[TASK GOAL]
Each line in the material below, starting at the one with "我稍微看了车子的漆面,车子上" and ending at the one with "You can also", is to be reproduced exactly; no picture is to be copied.

[THE RECORDS]
- - - - -

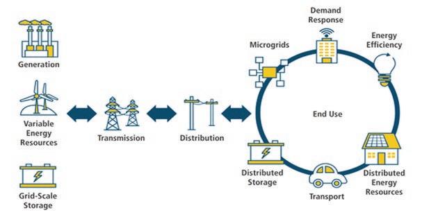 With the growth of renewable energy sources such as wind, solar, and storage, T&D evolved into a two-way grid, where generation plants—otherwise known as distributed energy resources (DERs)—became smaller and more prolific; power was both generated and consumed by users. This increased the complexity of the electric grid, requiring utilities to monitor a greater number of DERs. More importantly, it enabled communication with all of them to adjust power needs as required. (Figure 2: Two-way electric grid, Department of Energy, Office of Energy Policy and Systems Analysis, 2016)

- - - - -

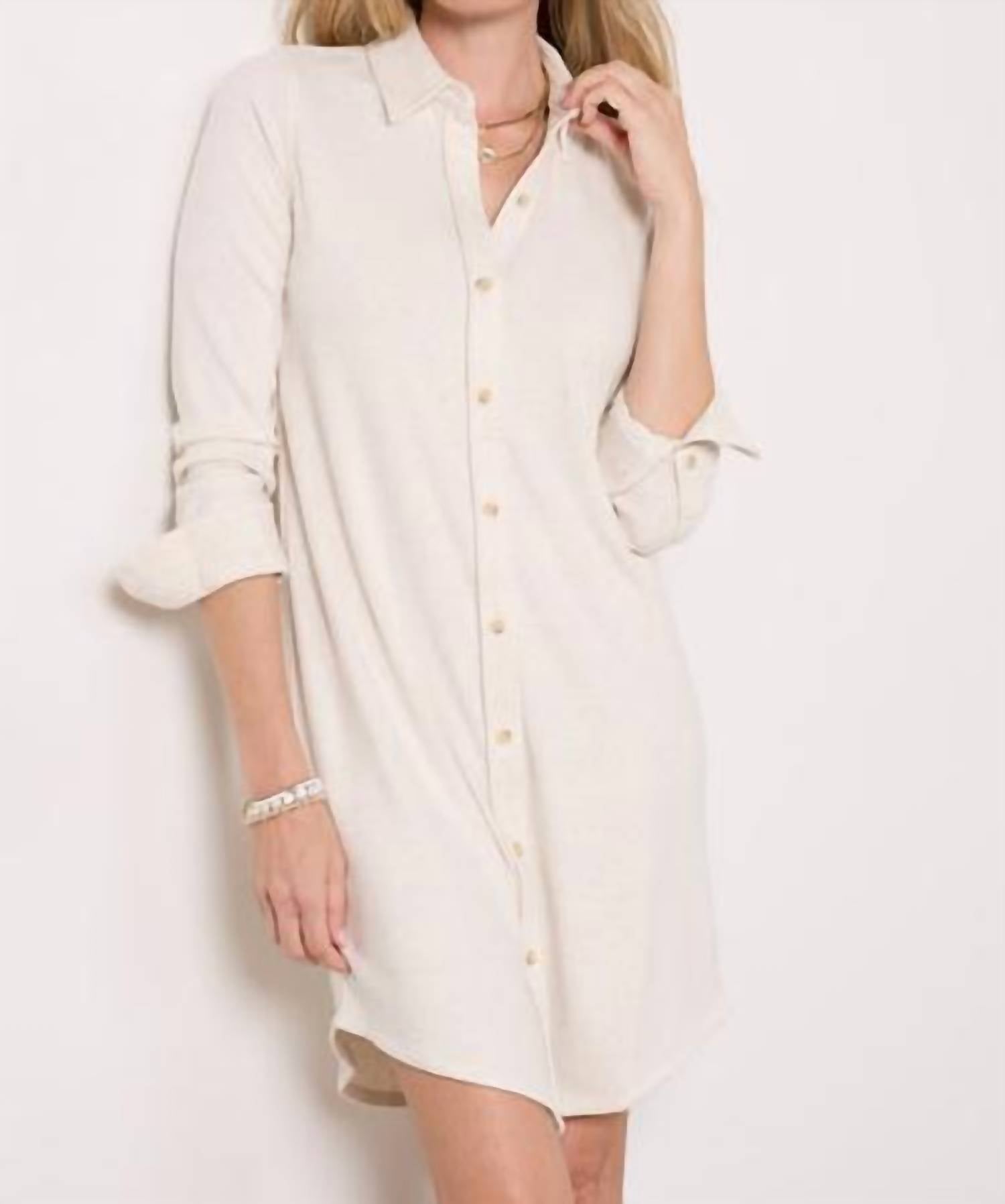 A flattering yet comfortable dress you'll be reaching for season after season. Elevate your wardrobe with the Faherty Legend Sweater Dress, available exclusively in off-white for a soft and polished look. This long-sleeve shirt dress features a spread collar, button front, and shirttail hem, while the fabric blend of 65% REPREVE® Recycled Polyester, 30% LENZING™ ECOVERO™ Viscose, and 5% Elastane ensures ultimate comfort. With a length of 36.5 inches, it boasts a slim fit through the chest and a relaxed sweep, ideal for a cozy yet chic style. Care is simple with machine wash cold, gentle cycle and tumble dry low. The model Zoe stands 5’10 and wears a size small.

- - - - -

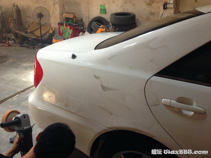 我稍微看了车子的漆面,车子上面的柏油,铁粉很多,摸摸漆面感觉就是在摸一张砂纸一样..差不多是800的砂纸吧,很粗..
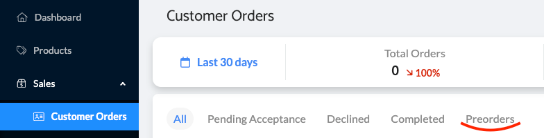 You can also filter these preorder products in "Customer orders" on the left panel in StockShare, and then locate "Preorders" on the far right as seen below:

- - - - -

[WRITTEN RESPONSE]
 我稍微看了车子的漆面,车子上面的柏油,铁粉很多,摸摸漆面感觉就是在摸一张砂纸一样..差不多是800的砂纸吧,很粗..
 You can also filter these preorder products in "Customer orders" on the left panel in StockShare, and then locate "Preorders" on the far right as seen below:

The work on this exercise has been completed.